# Self-Impossed Boundaries



## Don (Dec 18, 2006)

I purchased my first woodworking equipment in August '01 which was my entry into woodworking. So I've only got five years of woodworking experience under my belt. There is just so much more to learn and to attempt.

In my mid forties I made a phenomenal personal discovery. Most of the limitations I faced in life were set by me. The many things that I thought I couldn't do were simply things that I determined I wouldn't do. The limitations were, in large part, self-fulfilling prophesies. The idea of "Just do it!" was foreign to me. Then through a series of incidents that I won't go into, I learned that the limitations I had accepted as inevitable were boundaries I had placed on myself.

And, of course, this applies to woodworking as well. I still find myself looking at other people's work and saying to myself, "I wish I could do that", or "I wish I had the skill to do that." Well, the skills that were employed in creating fine woodworking didn't just happen - they were acquired through discipline and practice.

There's little point in hoping for the end result without being prepared to do the tough slogging.
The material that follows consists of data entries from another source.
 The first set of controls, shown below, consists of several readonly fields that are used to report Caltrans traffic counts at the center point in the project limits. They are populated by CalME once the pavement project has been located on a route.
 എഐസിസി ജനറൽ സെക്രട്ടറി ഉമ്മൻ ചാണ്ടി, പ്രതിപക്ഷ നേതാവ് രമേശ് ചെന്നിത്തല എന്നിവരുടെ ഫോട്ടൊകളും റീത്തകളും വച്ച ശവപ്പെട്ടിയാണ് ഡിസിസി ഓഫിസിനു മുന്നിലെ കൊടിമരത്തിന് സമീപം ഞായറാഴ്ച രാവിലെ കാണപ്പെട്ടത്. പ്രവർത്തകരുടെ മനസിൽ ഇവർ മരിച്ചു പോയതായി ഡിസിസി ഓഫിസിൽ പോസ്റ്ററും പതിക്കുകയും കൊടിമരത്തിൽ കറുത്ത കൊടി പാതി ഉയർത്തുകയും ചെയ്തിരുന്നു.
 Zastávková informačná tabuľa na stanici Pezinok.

Although time may not be on my side, that doesn't matter, because for me, woodworking is about the journey as much as the destination.

Sure, I get a lot of satisfaction from completing a project, and from appreciative comments by fellow woodworkers. But the real joy comes from the process. It took me a while to understand this. At first, I was impatient for the end product. This accounts for my many errors, stuff-ups and abandoned pieces. There are no short-cuts. I can't get satisfaction from the finished project if I am not prepared to take my time, learn and practice new skills, and continuously push aside self-imposed boundaries.
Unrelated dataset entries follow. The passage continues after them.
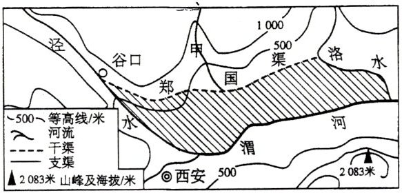 (2025广东潮州模拟)建于战国时期的郑国渠是我国古代最长的自流灌溉系统,引泾水缓缓流入洛水,灌溉渭河以北农田。下图为郑国渠及其附近区域地形分布图。据此完成19~21题。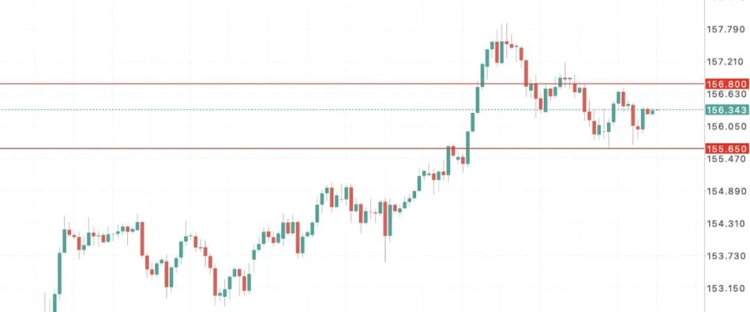 等待156.80-155.65价格区间4小时收市跟进信号,采用突破交易。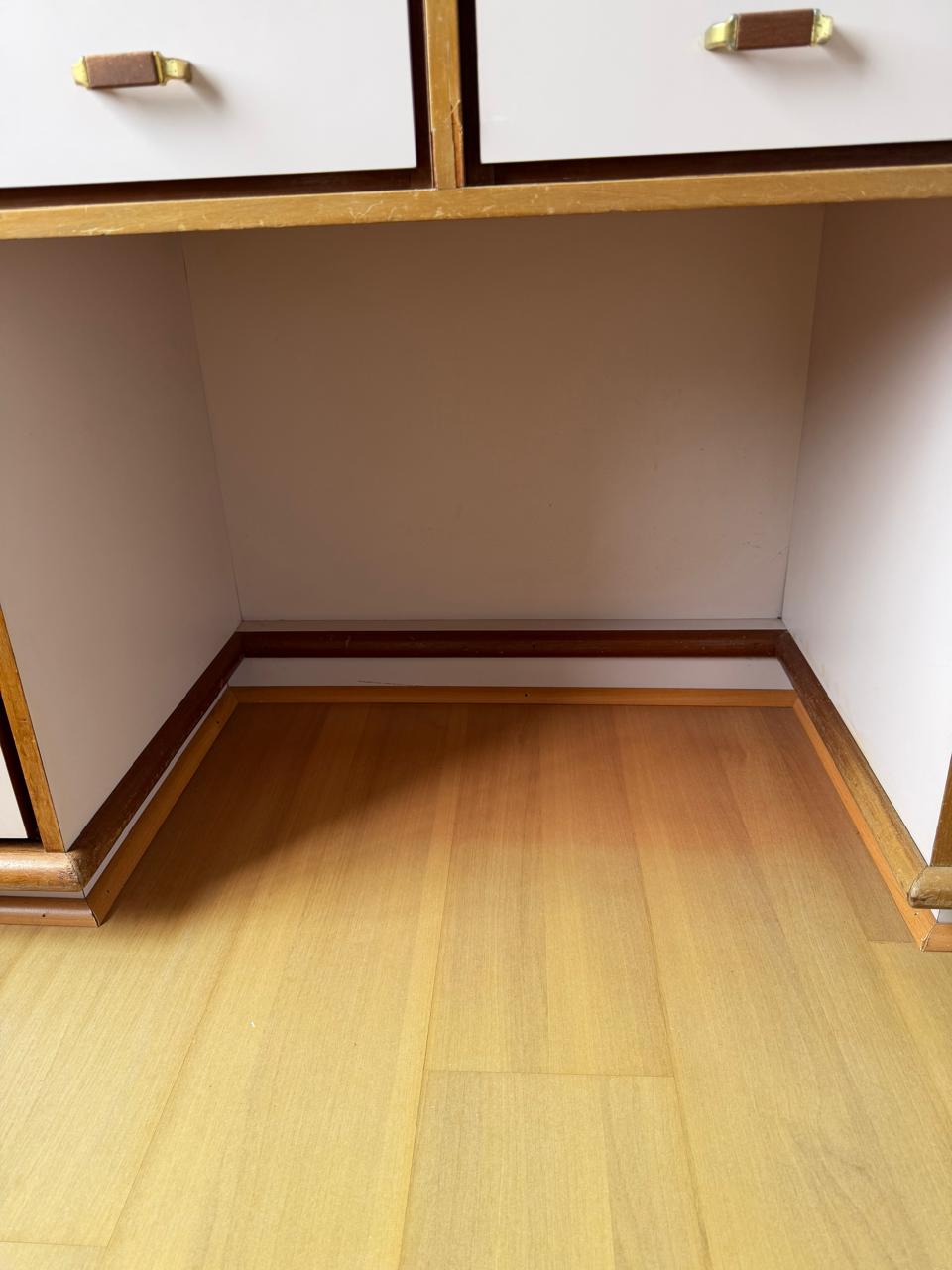É antigo, foi feito sob medida para o espaço, nunca foi desmontado

As I journey through 2007, the Lord willing, I will undertake projects that will both challenge and stretch. Now don't get me wrong. These don't have to be exotic elaborate creations. No - they can be quite simple pieces. You see, making a joint truer, cutting an angle more accurately, and improving the application of a finish, are all skills that enhance the final result.
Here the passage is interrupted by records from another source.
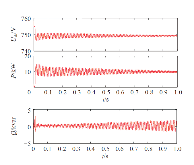 图7为参考电流矢量表达式中k和λ分别从0变化到1时的仿真结果。当λ = 0,使k从0到1变化,有功功率脉动不断减少,直流侧电压脉动也不断减少。由式(5)可知,系数Pc2、Ps2、Qc2和Qs2由电压不平衡引起,而有功功率被输送到直流侧并决定直流侧电压等级。因此,如果Pc2、Ps2不为零,直流侧电压会产生2倍频脉动,为保持直流侧电压恒定,系数Pc2、Ps2必须为零。由仿真结果可以得到直流侧电压脉动幅度正比于有功功率脉动。而当k = 0,使λ从0到1变化,并网逆变器输出无功功率明显增大。图7较好地验证了前面的理论分析,参考电流矢量表达式中的参数k和λ对并网质量有很大影响,可根据实际应用情况来优化这两个参数,从而实现三种控制目标之间的协调优化,使并网逆变器并网系统整体性能达到最优。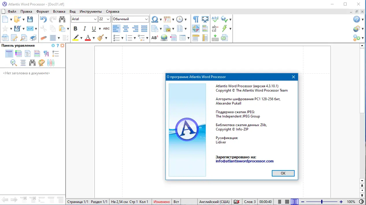 Atlantis Word Processor — это компактный и функциональный текстовый редактор, разработанный для создания, редактирования и безопасного хранения документов. Программа поддерживает широкий спектр форматов, включая DOC, DOCX и RTF, а также предлагает множество инструментов для форматирования, шифрования и резервного копирования. Интерфейс напоминает классический Microsoft Word, что делает освоение приложения интуитивно понятным.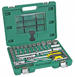Набор головок и вставок торцевых в чемодане 96 предметов. В наборе: головки 1/4 (6РТ), головки глубокие 1/4 (6РТ), головки 1/2 (6РТ), головки глубокие 1/2 (6РТ), трещотка 1/4", удлинитель 1/4", вороток с плавающей головкой 1/4", кардан 1/4", вороток-отвертка, удлинитель 1/4", трещотка 1/2", удлинитель 1/2". свечная головка 1/2" 14 мм, свечная головка 1/2" 16 мм, кардан 1/2", держатель для бит 5/16", переходник 3/8 (F)х1/2(М), головки с насадкой 1/4 (биты S2, длина 37 мм.), биты 5/6" (S2, длина 30 мм.)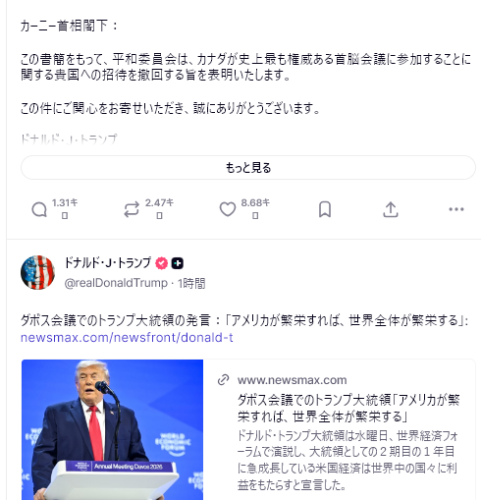 アポロネットの王篤然評論員は、トランプがダボス会議で、グリーンランド問題とベネズエラの攻撃を結び付けたことは、本質的に米国の世界における地政学的主導権の再確立を示すものであり、中国とロシアに対する公然たる宣戦布告であると述べた。中国とロシアの兵器の無力さを風刺することは、軍事的な屈辱であるだけでなく、戦略的抑止力でもある。中共にとって、米国が北極圏とラテンアメリカに同時に展開していることは、包囲網が急速に強化されていることを意味する。

Here's to greater woodworking satisfaction during 2007!


----------



## philsville (Mar 31, 2006)

Well said, Don!
Enjoying the "journey" of woodworking is where most of the pleasure is. Oh, and those pretty projects we finish every now and then 
Best regards
Phil


----------



## decoustudio (May 4, 2006)

Hey Don: I enjoyed reading your thoughts as well. In a world filled with time and money constraints, it is enjoyable to see another lumberjock enjoy the "process." The meaningful things in my life have only come with hard work, and nothing without the Lord's blessing. I like your concept so much that I will continue my thoughts in my Blog. I needed an excuse to write today anyway, thanks for giving me the motivation.

glad to have you here Don,
Mark DeCou
www.decoustudio.com


----------